As of now, if I have 1000 brushes on the screen, my frame rate drops to 40. That's not a lot of brushes to be capped at, so I need to improve this. My system is old and slow, but that shouldn't be a concern. DarkRadiant can render upwards of 18,000 brushes at 60fps, no sweat, on my system (I got sick of adding more brushes at some point).
The main problem I have is that brushes can't be optimized in the obvious ways. For example, most brushes in a map are going to be different from all other brushes, so they must be unique meshes, and that means I can't use MultiMeshes. On top of that, each face of a brush can have an arbitrary material, so there's a high likelihood of there being multiple surfaces per brush mesh. But then each surface in a mesh is a separate draw call.
Right now my tests involve simple cuboid brushes, with 6 surfaces each. And so as it stands, rendering 1000 of those brushes, results in 6000 draw calls. I'm testing with the worst case scenario, where each face of every brush has a different material.

So I'm trying to figure out how to optimize this. I tried using the RenderingServer, but it didn't improve performance at all (at least not with just 1000 brushes; it may be useful down the line, but not now, it seems).
I tried occlusion culling too. The results seemed promising, but it has a problem when you fly into a brush it culls brushes you should be able to see from there. I tried turning off the occluder of the brush the camera is in, but with too many brushes in the scene the occlusion algorithm takes too long to update and you see the brushes disappearing momentarily.
An idea I had, was to merge brush meshes, or face meshes that share the same material. The problem is doing this blindly might result in meshes being merged despite their brushes being too far away, and then many of them might lose frustum culling. I presume this method might need to be chunked with a quadtree or octree or something. But doing some kind of chunking for brushes doesn't sound as intuitive as for voxels, because brushes are at arbitrary positions and sizes, and any leaf in a tree might be densely packed or nearly empty.
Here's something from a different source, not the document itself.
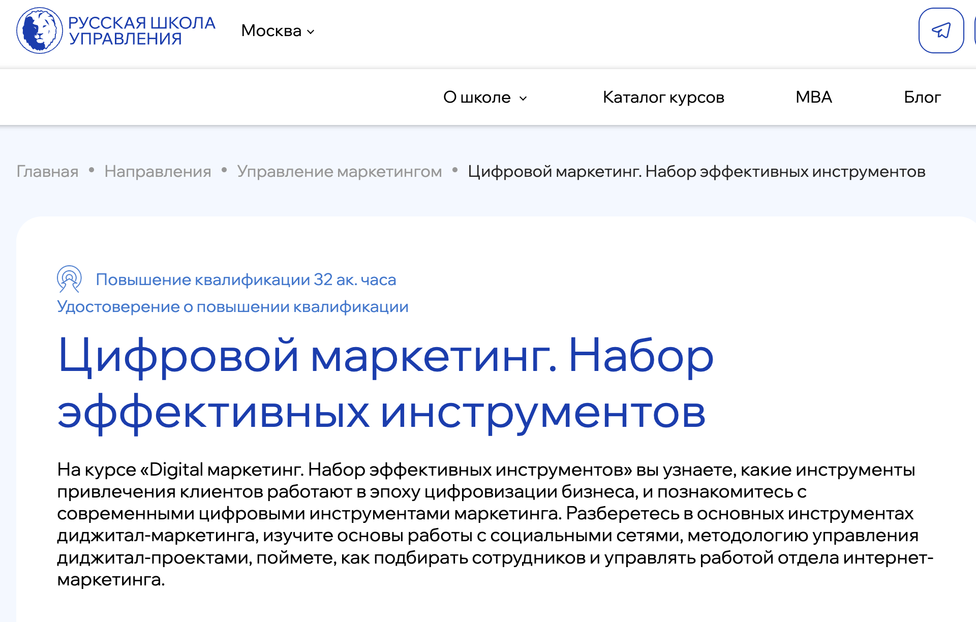 Digital-маркетинг: набор эффективных инструментов — Русская школа управления — практический курс по инструментам цифрового маркетинга, включая email-канал, онлайн-формат.
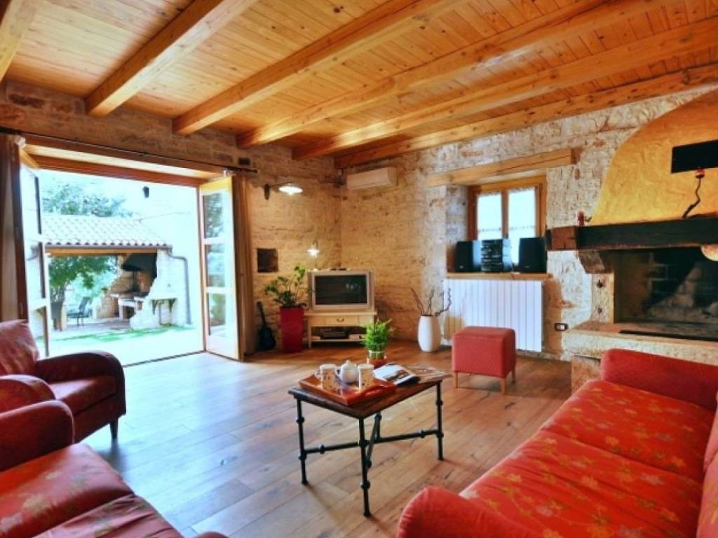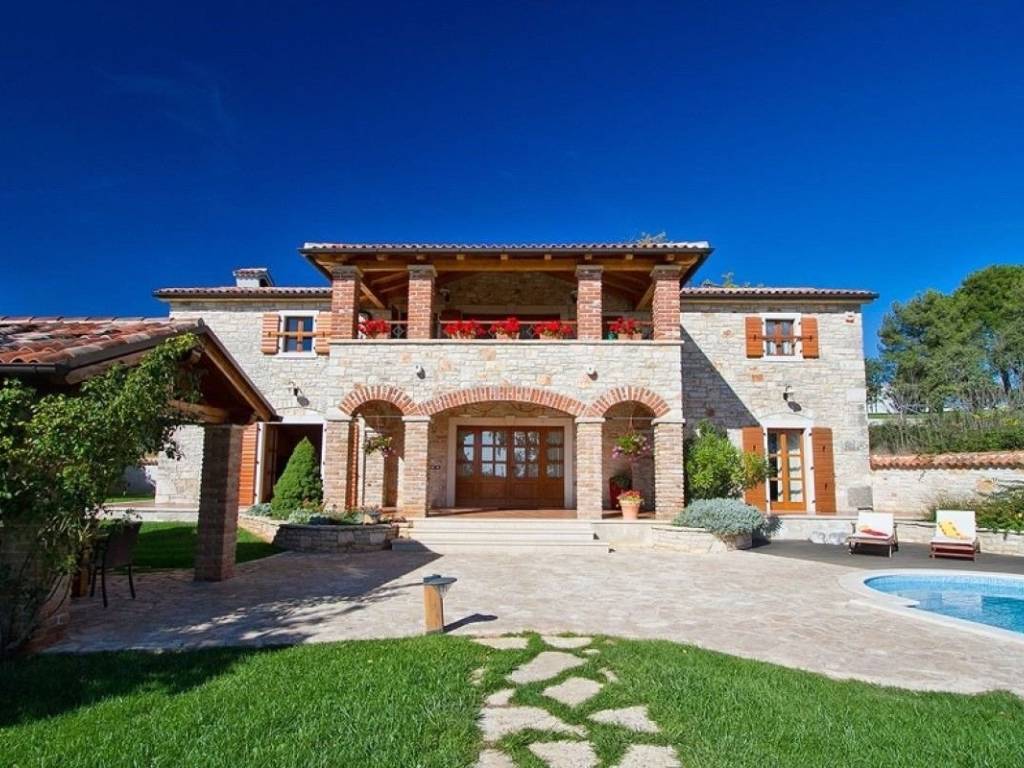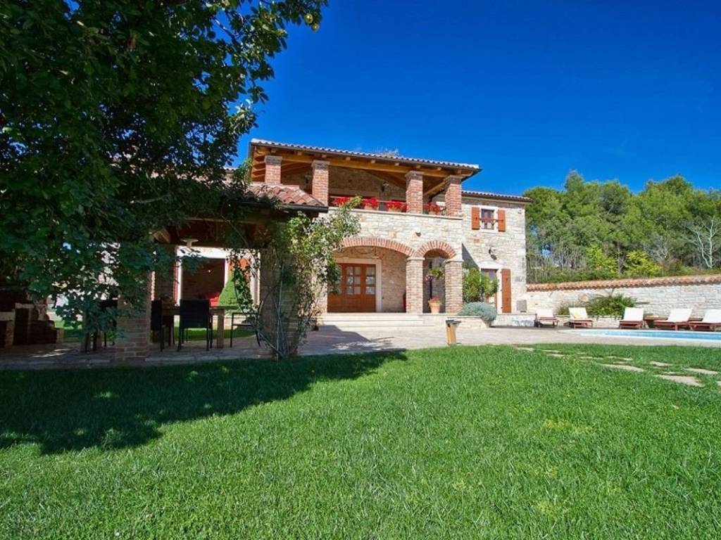 The villa is located 14 kilometers from Poreč and the sea, in a peaceful environment that allows privacy and a pleasant stay. It is a detached stone house with a total area of about 200 m², located on a landscaped plot of 1000 m². On the ground floor there is a living room with a fireplace, a kitchen, one bedroom with a private bathroom and an additional toilet. On the first floor there are three bedrooms, each equipped with a private bathroom, which ensures a high level of comfort for a large number of people. The house is air-conditioned and equipped with central heating on heating oil, so it is suitable for use throughout the year. In the yard there is a 37 m² swimming pool and a covered summer kitchen with a fireplace, which provides additional functionality in the warmer part of the year. The property comes fully furnished and equipped, ready to use without additional investment. Due to its layout, equipment and location, the villa is a suitable option for tourist rental or as a quiet family holiday home.

I thought about using an AtlasTexture, which would allow all brushes to have a single surface, but in 3D with big textures you'll hit the atlas texture size limits quickly (4096x4096). I'm also concerned that with an AtlasTexture I can't do texture tiling on the brush faces. Another option that I stumbled on was the Texture2DArray, but it seems to require that all textures have the same size, so that's no good.
I'd be interested in hearing any other thoughts on this.